Lovers torn apart in Verdi’s ‘Luisa Miller’ at Sarasota Opera
Jay Handelman Sarasota Herald-TribuneSarasota Opera Artistic Director Victor DeRenzi is certainly one of the world’s experts on the works of composer Giuseppe Verdi. He is, after all, the only person to have conducted every work that Verdi wrote as part of Sarasota Opera’s 28-year Verdi Cycle.
Still, he blames Verdi himself for a lack of attention and popularity for “Luisa Miller,” the 14th of his 37 operas, first produced in 1849.
The company’s third production of the season is “the one that’s not appreciated as much as it should be,” DeRenzi said. “That’s Verdi’s fault. He wrote so many great operas, and people are going to do ‘La traviata,’ ‘Tosca,’ ‘Aida’ and others first.”
Sarasota Opera last produced “Luisa Miller” in 1999, 10 years into the Verdi Cycle, but DeRenzi is studying it as if it’s new to him, as he does with any project.
“I try not to bring the habits of the old to the new. Even if I conduct an opera like ‘La traviata,’ I try to sift through performance practice, how Verdi might have done this opera, as opposed to how I grew up hearing it,” he said. When he first heard the works “operas from this time were really interpreted from the perspective of the early 20th century and my goal is to get closer to how Verdi found expression in the music.”
DeRenzi is working with his wife, Stephanie Sundine, a former singer who is now an opera stage director, and three leading singers who shared the stage together in last season’s Verdi opera “Ernani.”
Soprano Aviva Fortunata returns as Luisa, a young woman who is the daughter of an old soldier. Luisa is in love with Rodolfo, the son of the ruthless Count Walter, who forbids the couple from being together. Tenor Rafael Dávila, who marked 20 years with Sarasota Opera last season in the title role of “Ernani,” plays Rodolfo, and baritone Ricardo José Rivera, who appeared as Don Carlo in “Ernani,” plays Miller, Luisa’s father. They are joined by bass baritone Vladyslav Buialskyi as Count Walter.
Fortuna said she finds the piece special because “it is an opera about ordinary people at heart. Luisa and her father are just normal people who live in a village that get sucked into
something larger than them. She is the sweetest and most loving of people and it’s a pleasure to explore that and what happens to her when she deals with this larger-than-life intrigue.”

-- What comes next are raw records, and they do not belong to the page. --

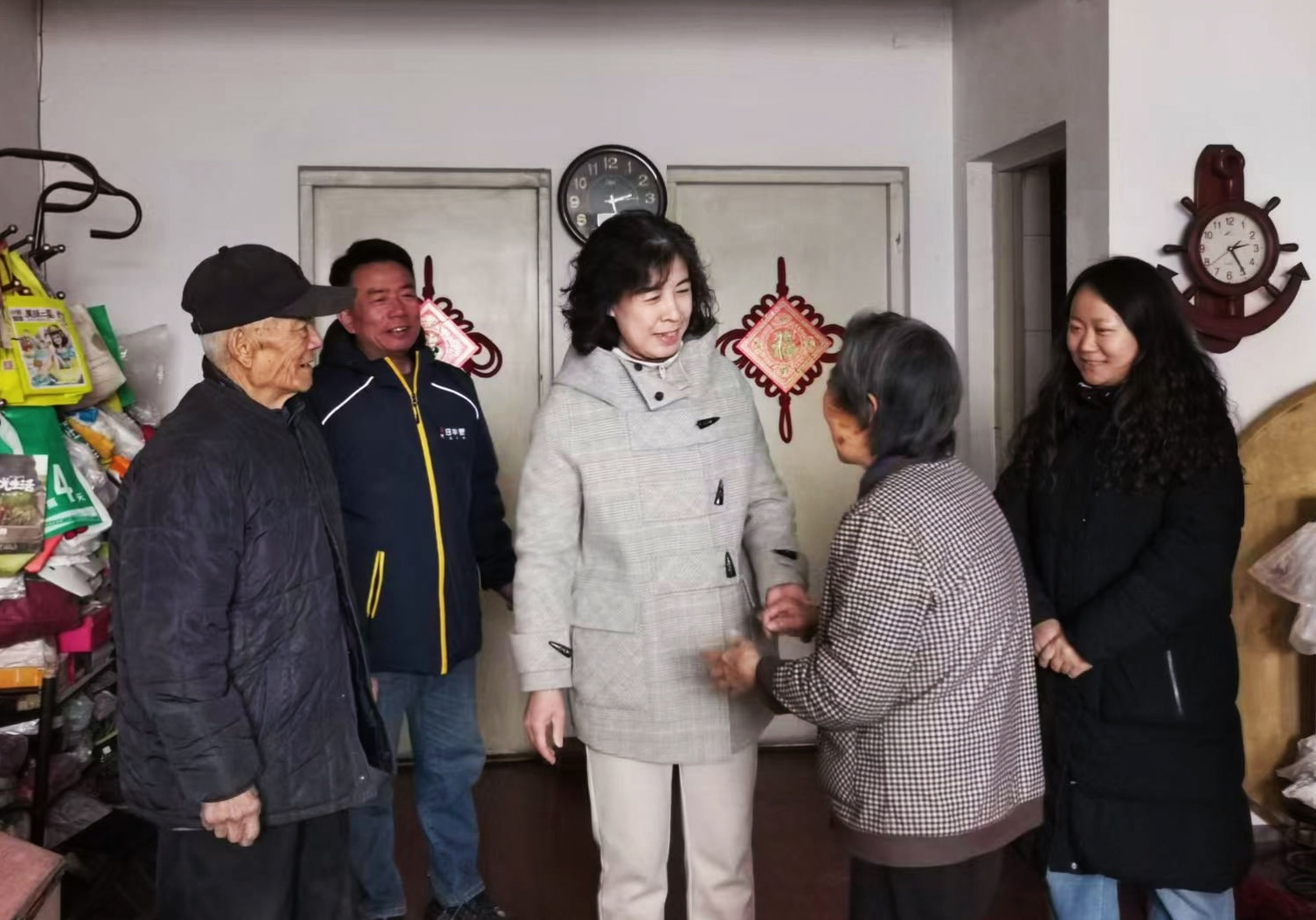 在社区工作人员的带领下,林小青一行为社区三户困难群众送去了米、面、油等爱心物资,与群众促膝长谈、亲切交流,详细询问他们的身体情况、家庭生活状况及实际困难诉求,勉励他们树立信心,在党和政府的关怀下,以积极心态面对生活、克服困难。同时,叮嘱群众保重身体、注意防寒保暖,衷心祝愿他们马年吉祥、阖家安康,在新的一年里日子越过越红火。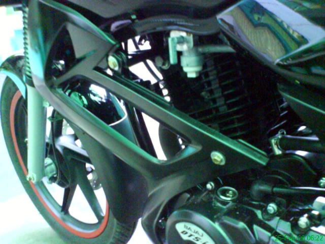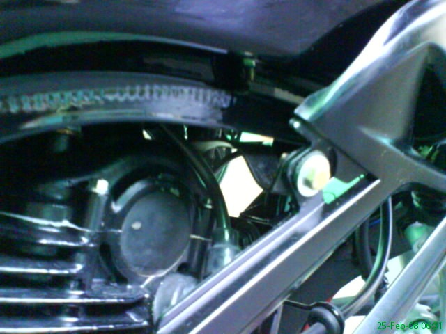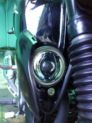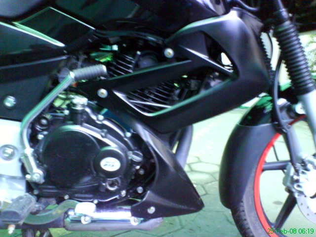 Melalui YM sekitar dua minggu yang lalu Juned meminta nomor telpon Pak Haris. Katanya, dia tertarik untuk memasang fairing FU di Pulsar hitamnya yang masih greng. Hmm... kalau Si Ngorok nggak pakai box saya pun akan pasang fairing FU. Sekarang saya masih nimbang-nimbang apa pantes kalau motor dengan box bergaya sport. Yakin sih, tampangnya bakalan lucu.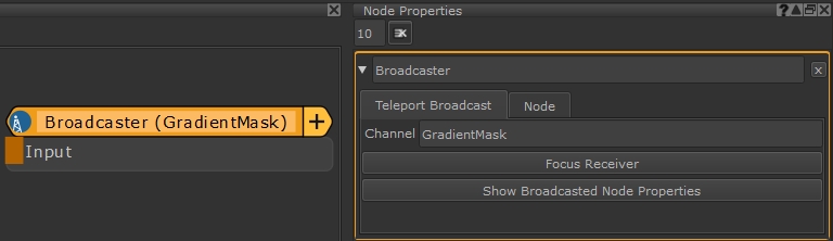 Click to quickly display the Properties of the node connected to the Teleport Broadcaster node's input. |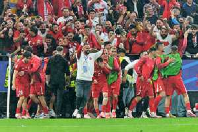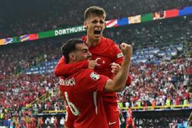 TVEM Arda Guler of Turkey celebrates after scoring a goal with teammates during the UEFA EURO 2024 group stage match between Turkey and Georgia at Westfalenstadion on June 18, 2024 in Dortmund, Germany. Photo by Emmanuele Mastrodonato/ag. Aldo Liverani sas/AGENZIA ALDO LIVERANI SAS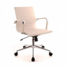 Современное кресло для руководителя, с хромированным каркасом и механизмом качания с возможностью фиксации в нескольких положениях.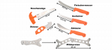 Weiche soft-touch Griffe in orange: Die Farbe führt die Hand zum Griff und nicht zur Klinge!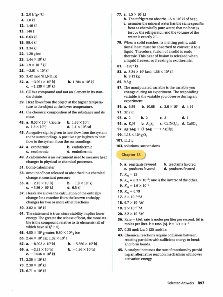69. a. - 2.21 X 102 kJ b. - 1.96 X 102 kJ 45. A catalyst increases the rate of reactions by provid-

The challenge of a leading Verdi role is that “you need to be five di_erent singers at the same time. Sometimes dramatic, sometimes coloratura, high, or low. He demands of you that you’re all these things at once, while also serving the drama.”
As director, Sundine said her biggest challenge rests “with the fact that there isn’t a lot of activity. In ‘Carmen’ there’s more action, dancing. That’s not true with ‘Luisa.’ But the drama is so strong, and our cast is so strong and gifted vocally and dramatically that we’re able to convey a tremendous amount of emotion in a production that isn’t relying on lots of activity and movement.”
Unlike some singers who may study past performances and productions of certain roles, Fortunata said she tries “not to be influenced by outside aspects. After I perform something, I get interested to see how other people do it and if I were to watch one, I would watch a crazy out-there production. I just try to keep going back to the score, seeing what’s written there and what I can mine.”
DeRenzi said there is a tendency for some singers to “learn so much through listening to a specific recording that they lose that sense of discovery.”
At Sarasota Opera, singers like Fortunata are given the time to fully immerse themselves in their roles, with weeks of rehearsals and a large number of performances (there are six for “Luisa Miller.”)
We have the luxury of a great rehearsal period here to get into these details, talk about something technically or blocking-wise, so by the time you step on stage in front of an audience, you are thinking as the character,” Fortunata said. “If I’m listening to someone, I’m just listening as Luisa and just having a natural reaction.
Being reunited with Dávila and Rivera eases the process.
“We know how we perform,” she said. “We know who we are as people, there’s so much trust. I know how Rafi is going to sing. I think it makes us all better. You don’t have to fake anything.”